_Exercise prompt_
Line by line, retype the material exactly and leave each picture out.

_Available data_
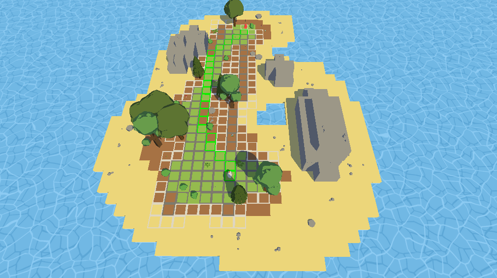 The final project for this topic is all about path finding. In this game, one of three maps can be loaded to display an island with a player character and goal. The player can activate one of three algorithms to operate. The algorithms will find a path from the player character to the goal. The algorithms used are A*, BreadthFirstSearch and Dijkstra.
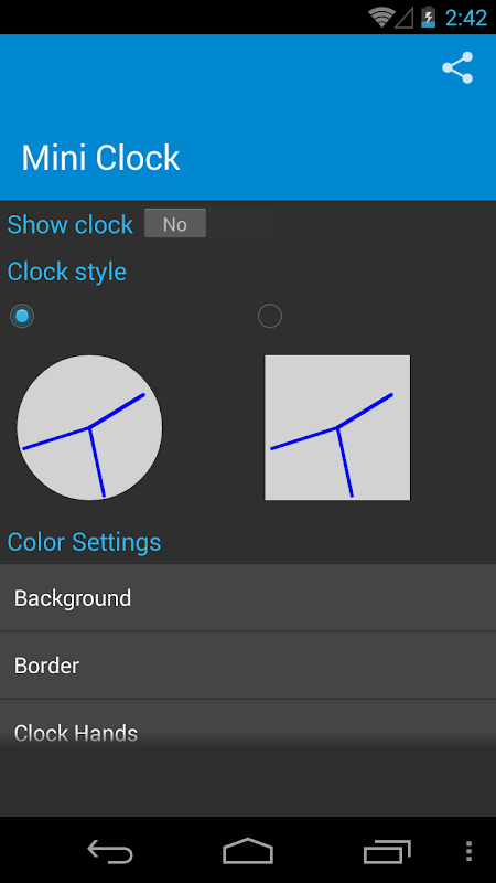 Mini clock which will be display top of all the screen. Its an customizable clock you can change the shape, background color, border color and hands color whatever your want.
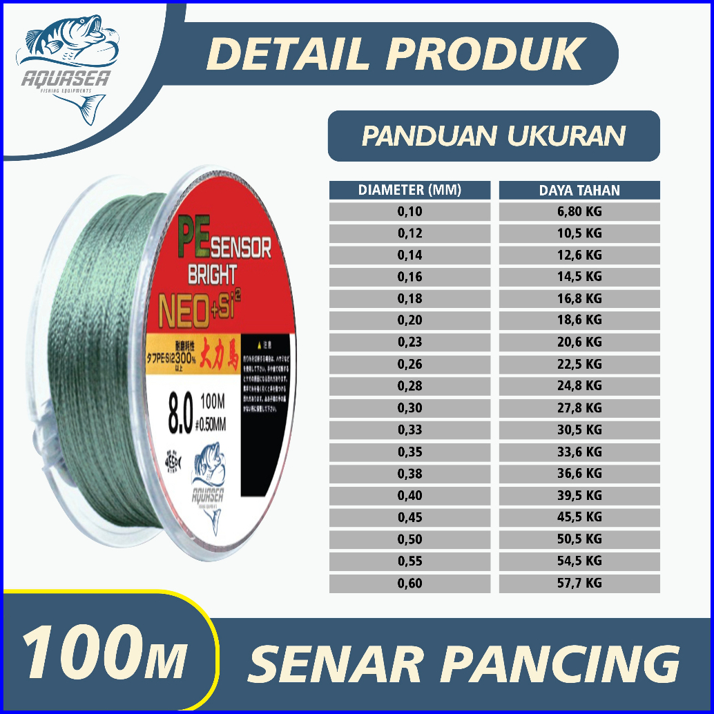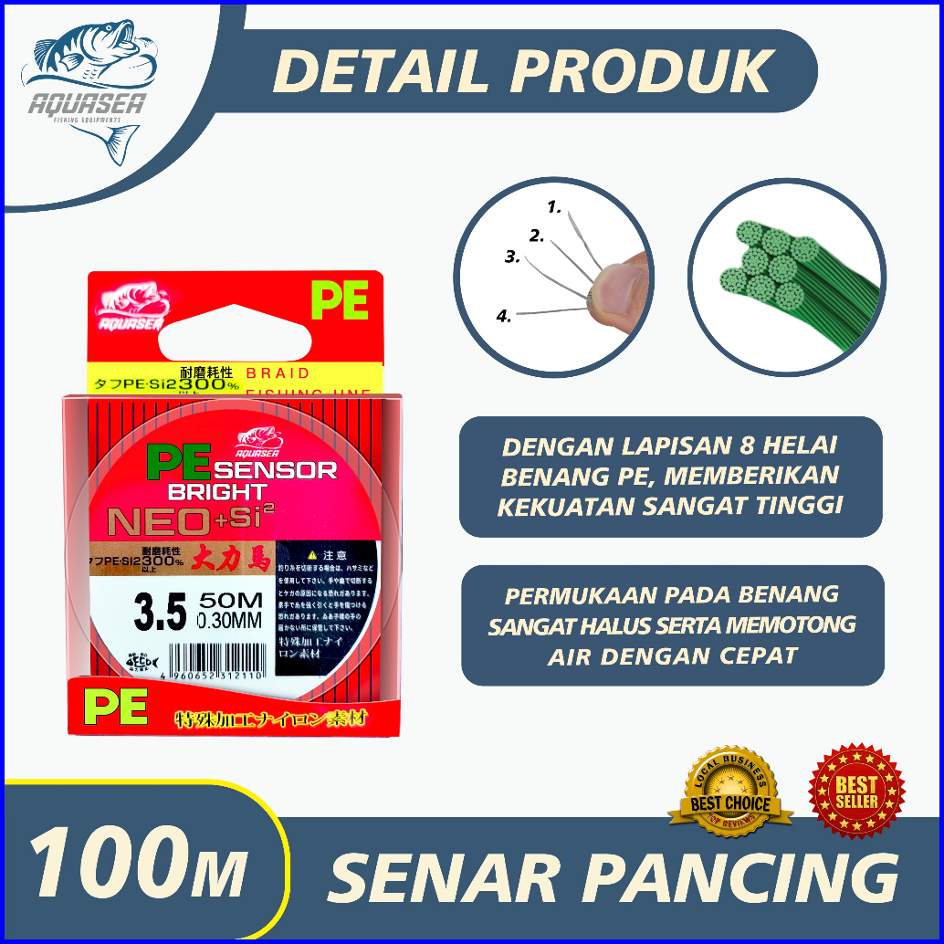 Aquasea - Tali Pancing 100m Senar Pancing Pe Sensor Bright Hijau Sensor Neo Si2 Jepang Senar Kuat

_Result_
 The final project for this topic is all about path finding. In this game, one of three maps can be loaded to display an island with a player character and goal. The player can activate one of three algorithms to operate. The algorithms will find a path from the player character to the goal. The algorithms used are A*, BreadthFirstSearch and Dijkstra.
 Mini clock which will be display top of all the screen. Its an customizable clock you can change the shape, background color, border color and hands color whatever your want.
 Aquasea - Tali Pancing 100m Senar Pancing Pe Sensor Bright Hijau Sensor Neo Si2 Jepang Senar Kuat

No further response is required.